There are a couple of folk milling about and we meet up with Debs and Gareth. No sin of Paul, or the skipper. The sky starts to lighten slightly and Paul appears weaing shorts and flip-flops…there is optimism on a cold September morning! Our numbers start to increase and Dave turns up and unlocks Neptune so we can start to load.
As we leave the harbour the rising sun behind the lighthouse is a beautiful sight and I almost start to think it was worth getting up for that alone. we then hit the rough seas that apparently are always worse withing a mile of the harbour. The boat bounces and spray rushes over the deck. We all shelter in the wheelhouse or just outsise. After about 20 minutes of battling against the waves the call is made to abandon out offshore target of the liberty ship Henry B Plant and go for a site closer in, the El de Bayo.
On site the sea is still fairly rough and it takes the crew several attempts to get the grapple to lock in. the usual practise for this boat is to anchor into the wreck, but today that isn’t practical as the wind and waves keep pulling the vessel off, so a shot buoy is left and Neptune floats clear.

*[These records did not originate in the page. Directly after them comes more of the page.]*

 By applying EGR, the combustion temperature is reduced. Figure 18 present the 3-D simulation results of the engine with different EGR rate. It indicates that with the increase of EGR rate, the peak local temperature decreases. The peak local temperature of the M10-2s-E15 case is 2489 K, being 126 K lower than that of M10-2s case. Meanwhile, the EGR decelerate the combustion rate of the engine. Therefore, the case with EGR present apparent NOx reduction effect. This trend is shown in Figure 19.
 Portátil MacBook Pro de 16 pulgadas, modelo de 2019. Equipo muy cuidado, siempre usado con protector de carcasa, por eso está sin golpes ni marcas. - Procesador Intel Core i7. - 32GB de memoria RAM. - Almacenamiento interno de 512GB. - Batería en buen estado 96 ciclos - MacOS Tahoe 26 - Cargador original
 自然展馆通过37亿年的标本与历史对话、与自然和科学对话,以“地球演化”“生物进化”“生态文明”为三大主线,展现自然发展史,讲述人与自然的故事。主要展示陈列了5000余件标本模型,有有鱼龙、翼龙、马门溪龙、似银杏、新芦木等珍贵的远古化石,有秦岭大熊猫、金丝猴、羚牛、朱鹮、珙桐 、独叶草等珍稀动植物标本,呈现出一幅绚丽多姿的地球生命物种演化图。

It isn’t quite slack so we don’t kit up immediately, and when we do go I take it slowly, aware of the movement of the boat.
Caroline and I have bench spots on the opposite side to the side door that you leap off from and so once kitted, in twin 12’s, and a 7l ali deco bootle, side slung, we gingerly stand and cautiously make our way to the stern of the boat, holding onto the side rails. I get to the gap between the bench and the transom first and as I cannot progress further due to a pair entering the water ahead of us, I hold n with one hand on the censtre spine of the benches, and one on the transom rail.

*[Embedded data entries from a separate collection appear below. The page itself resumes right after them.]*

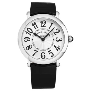 Franck Muller 8041QZVAVSIL Men's 'Round' Silver Dial Black Leather Strap Swiss Quartz Watch Franck Muller 8041QZVAVSIL Men's 'Round' Silver Dial Black Leather Strap Swiss Quartz Watch features a Stainless Steel, 41mm case, a silver-tone dial, and sapphire crystal . The leather band is fitted with a tang clasp. This beautiful wristwatch is powered by a Swiss quartz movement. This watch has a water resistance of up to 30 meters, not suitable for long periods of recreational swimming and also diving or snorkeling. Features: Brand: Franck Muller Model number: 8041QZVAVSIL Dial Shape: Round Dial window material type: Sapphire Display Type: Analog Case Material: Stainless Steel Clasp: Tang Clasp Case diameter: 41 millimeters Case Thickness: 8.5 millimeters Band Material: Leather Band length: 8 inches Band width: 21 millimeters Band Color: Black Dial Color: Silver-tone Bezel Material: Stainless Steel Special features: Stainless Steel, Leather Movement: Swiss Quartz Water-resistant depth: 30 meters/100 feet UPC: Franck Muller 8041QZVAVSIL MSRP: $7,600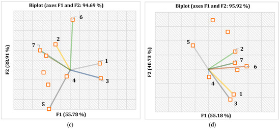 The representation in PC1 × PC2 plans of the variables corresponding to principal factors in context of the Phytophthora infestans (Mont.) de Bary attack and different agricultural inputs in cv. Ruxandra: (a) control unfertilized; (b) soil fertilization; (c) foliar fertilization; (d) mixed fertilization. 1—temperature (°C); 2—relative air humidity (%); 3—wind velocity (km/h); 4—precipitations (mm); 5—level of infection for untreated variant (%); 6—level of infection for conventionally treated variant (%); 7—level of infection for variant treated with herbal extracts.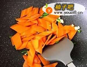4锅内留少许底油下葱蒜末爆香,然后倒入胡萝卜片翻炒1-2分钟。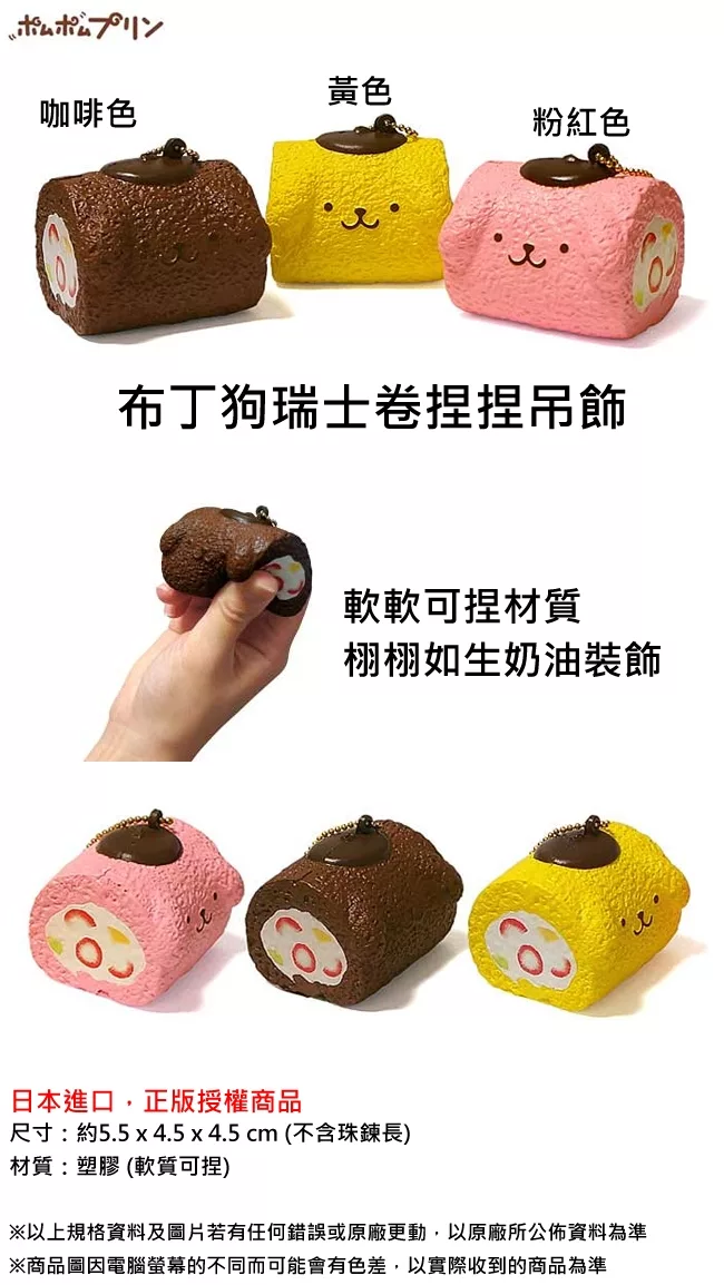 像我上次在博客來入手的【日本進口正版】布丁狗 瑞士捲 捏捏樂 吊飾 Pom Purin 三麗鷗 -粉紅色款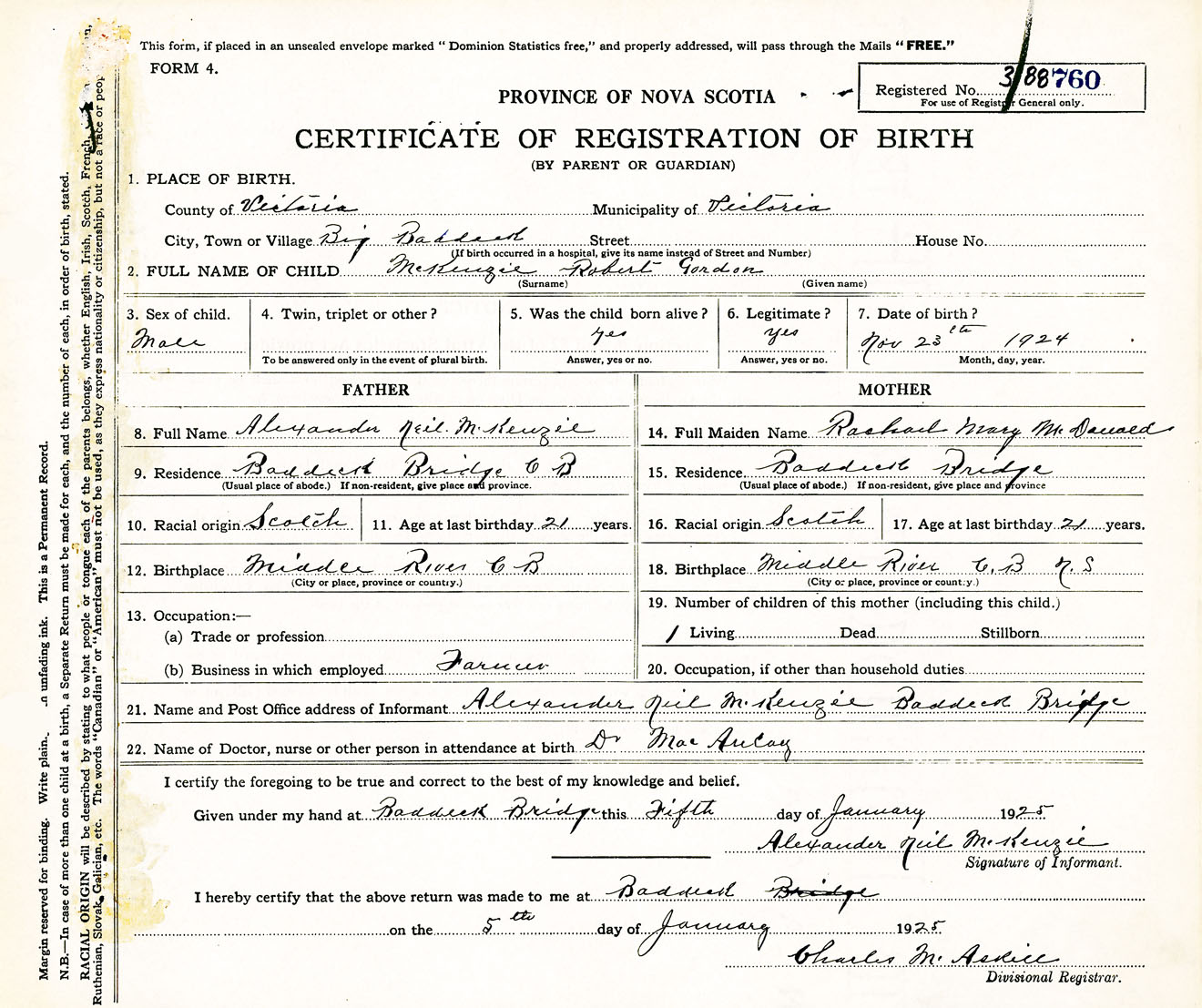 Male Birth Registration: Year: 1924 number: 38800760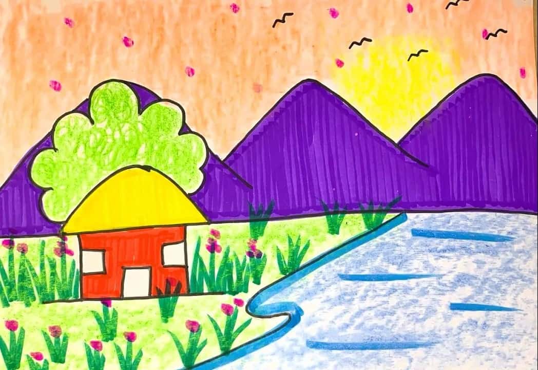 This colourful artwork beautifully captures a peaceful countryside landscape filled with nature and serenity. The young artist has drawn a small cozy house with a bright yellow roof and red walls, surrounded by green plants and blooming flowers. Behind the house, tall purple mountains create a stunning background, while the glowing sun rises from behind the hills, spreading warm light across the sky. Birds flying above add a lively touch to the scene. A calm blue river flowing beside the house makes the landscape look relaxing and refreshing. The bright colours and simple shapes make the artwork cheerful and imaginative. Through this drawing, children express their creativity while learning to observe nature, landscapes, and colours in a fun and artistic way. 🌄🏡🌸✨
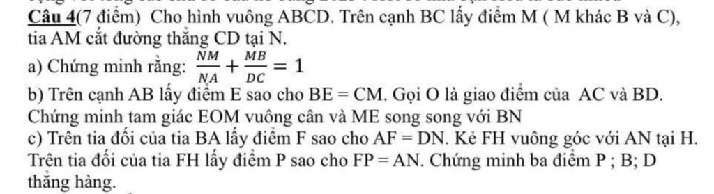 Câu 4(7 điểm) Cho hình vuông ABCD. Trên cạnh BC lấy điểm M ( M khác B và C),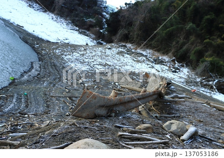 【神奈川県】記録的渇水により津久井湖の湖底から数十年ぶりに姿を現した旧国道413号線

Brian, the crew member tells me they will let these two in and then turn around for another run to get Caroline and I in. I acknowledge him and adjust my postion slightly, to better bear the weight of the tanks against the movement of the boat. the buddy pair ahead get in and then….

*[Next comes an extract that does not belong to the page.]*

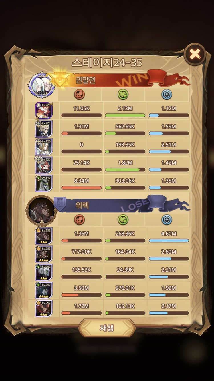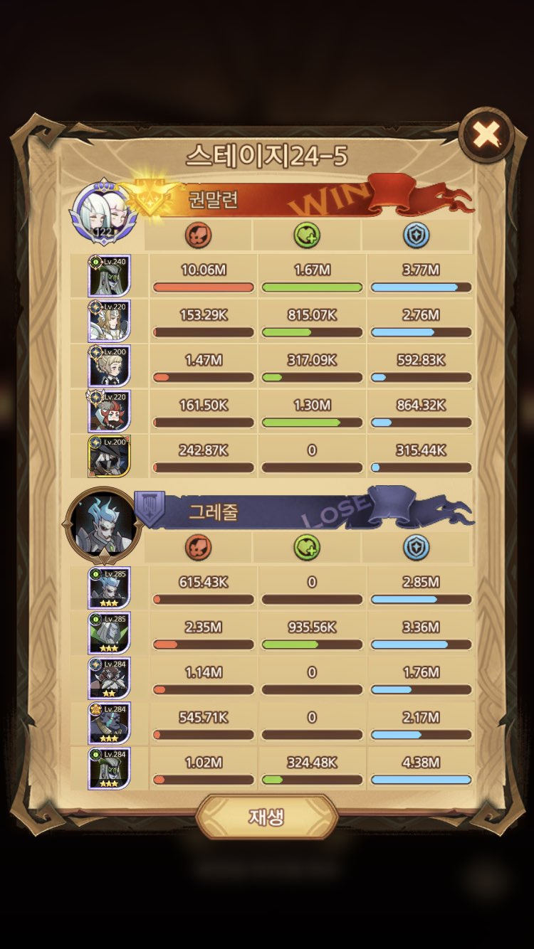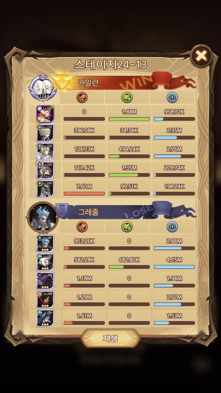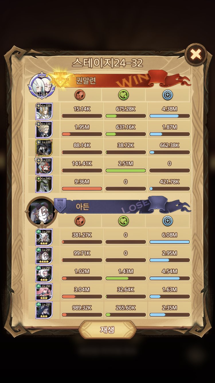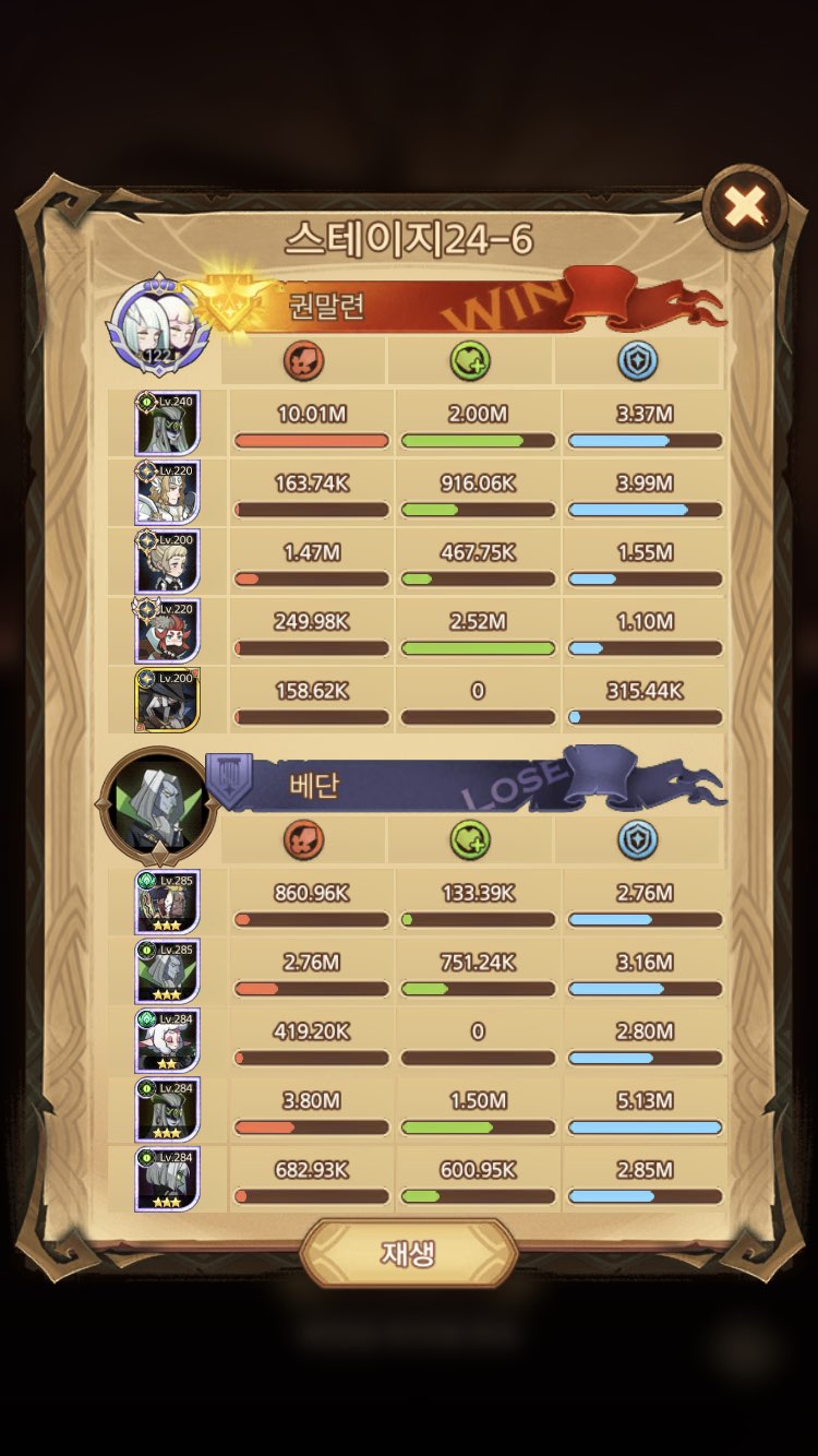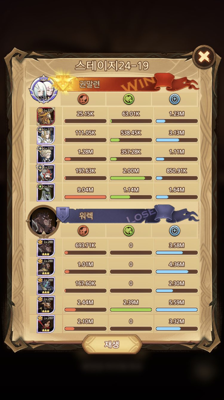 24-60 : 24 챕터의 마지막 스테이지답게 상당히 어렵습니다. 아탈리아와 세인, 타시의 침묵 때문에 세미라는 에너지를 못 채우고 로젤린은 녹고 루시우스는 버틸 수가 없어서 결국 토란덱으로 클리어했습니다. 토란 갑옷만 벗기고 호각을 착용했습니다. 그리고 무한 반복하다 보면 운 좋게 한방에 클리어할 수 있습니다. 토란 레전드 220으로도 충분히 깰 수 있습니다. 신화였다면 더 빨리 깨지 않았을까 싶네요. 오토 끄고 시작하다가 세미라가 침묵이 풀리고 죽으면 오토 켜고 토란궁으로 마무리합니다. 레인 혼자 남을 경우도 있는데 토란과 1:1에서 이기길 바래야 합니다. 아래 클리어 영상 참고하세요.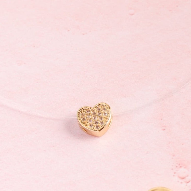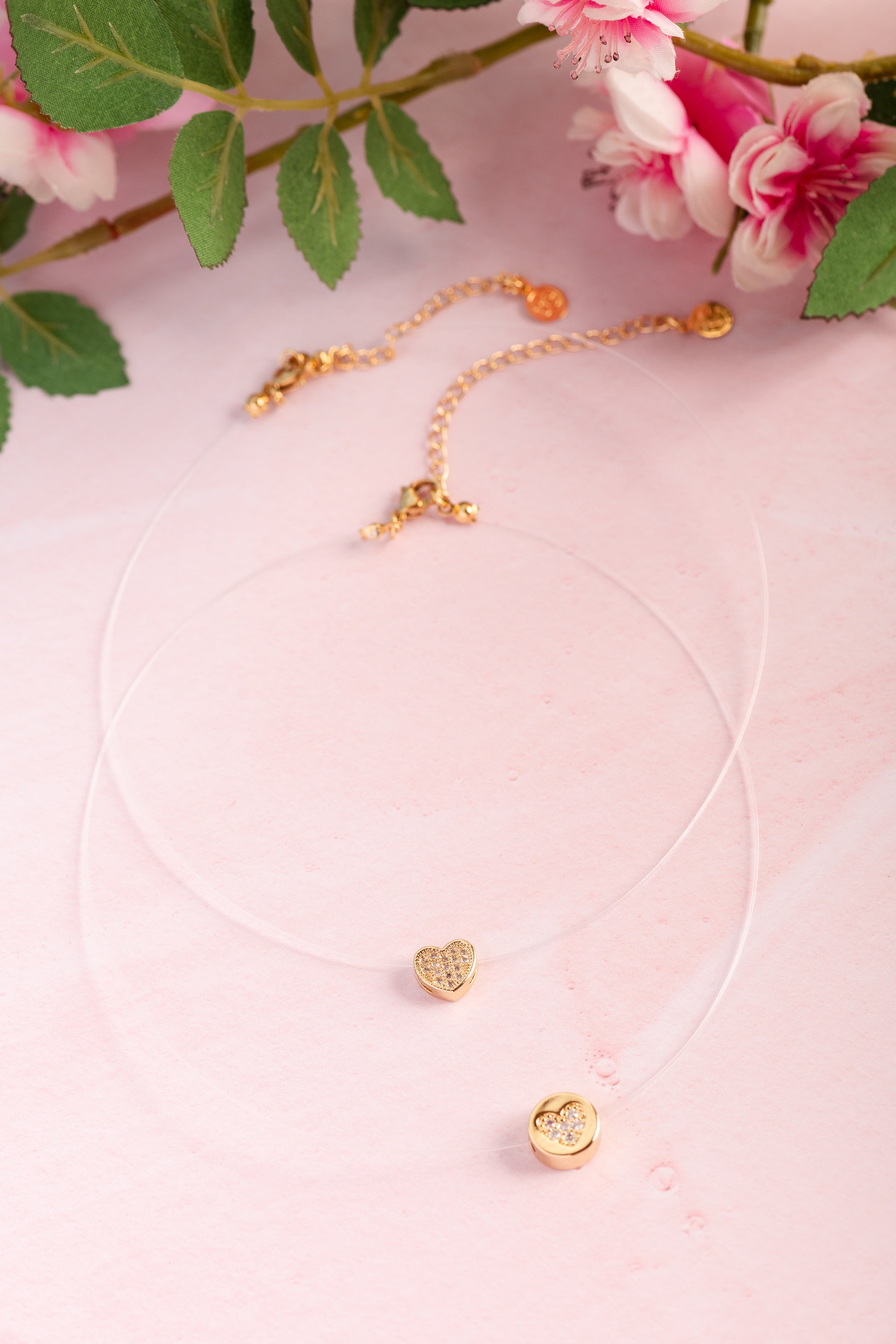Collar invisible con dije de corazón en baño de oro, perfectos para complementar con otros accesorios.

..the boat moved suddenly and unexpectedly. I don’t know if it was getting into gear or an odd wave, but somehow, in trying to maintain my balance all my weight goes onto my left leg, my foot is rooted to the spot in my jetfins and my knee sort of twists and bends at the same time. I hear a crack, or a popping sound - although I am unsure whether it really was a “hear” or a “feel” - and my kne gives way in pain. I fall backwards, me and 50kg of kit landing, I think, on the mask clean bucket which cushions my fall nicely.
As Brian rushes to help I try and tell him that something has gone in my knee and soon there are hands all around getting me out of my kit. As I stand I think maybe i will be okay and I am keen to rekit and get in - that is what we have come all this way for! Then my knee gives way again. Still, maybe, if I fin gently…and the boat does have a lift….
Finally, tales of injuries precipitating DCI brings me to my senses…along with the knee starting to hurt. I sit down. Dejected. the final pair is now in the water and we have 80 minutes to wait until the planned runtimes are up.
I am helped out of my drysuit and sit in the wheelhouse supporting my knee and sulking. It is starting to hurt alot more now. As divers start to come up they firstly say what a great dive they have and then start saying it more quietly when they hear we didn’t get in.
The journey back to harbour was horrendous. There was no way of supporting my knee and each crash off the top of a wave jolted it and sent a shock of pain up my leg. Getting intot he calm water of the harbour was a real relief. We then had to work out how to get me up the steps. It was decided the best method was to avoid the steps and Dave dropped us off at his berth which was next to a ramp. With the arm of Matt on one side and a handrail on the other I inched up - this was after declining a push in a wire mesh kit trolley!
Everyone then kindly helps Caroline bring our kit off the boat and back to the car - divers are a wonderful bunch! Massive thanks to all… Having learnt my lesson last year after another diving accident we decided to dirve all the way home to our local A&E so that any ongoing treatment would not require inter-hospital communication - not a strongpoint of the NHS in our previous experience.
I hopped into A&E at Stoke Mandeville and after 4 hours, a nurse practioner, an A&E registrar, and a orthopaedic registrar and consultant there was agreement that I had ruptured my anterior cruciate ligament. I was sent home on crutches with an appointment in 10 days to reasses once the pain had died down. This could be bad news. the anterior cruciate ligament is in the actual knee joint itself, pulling together the tibia and femur, and apparently provides most of the stability for the knee joint.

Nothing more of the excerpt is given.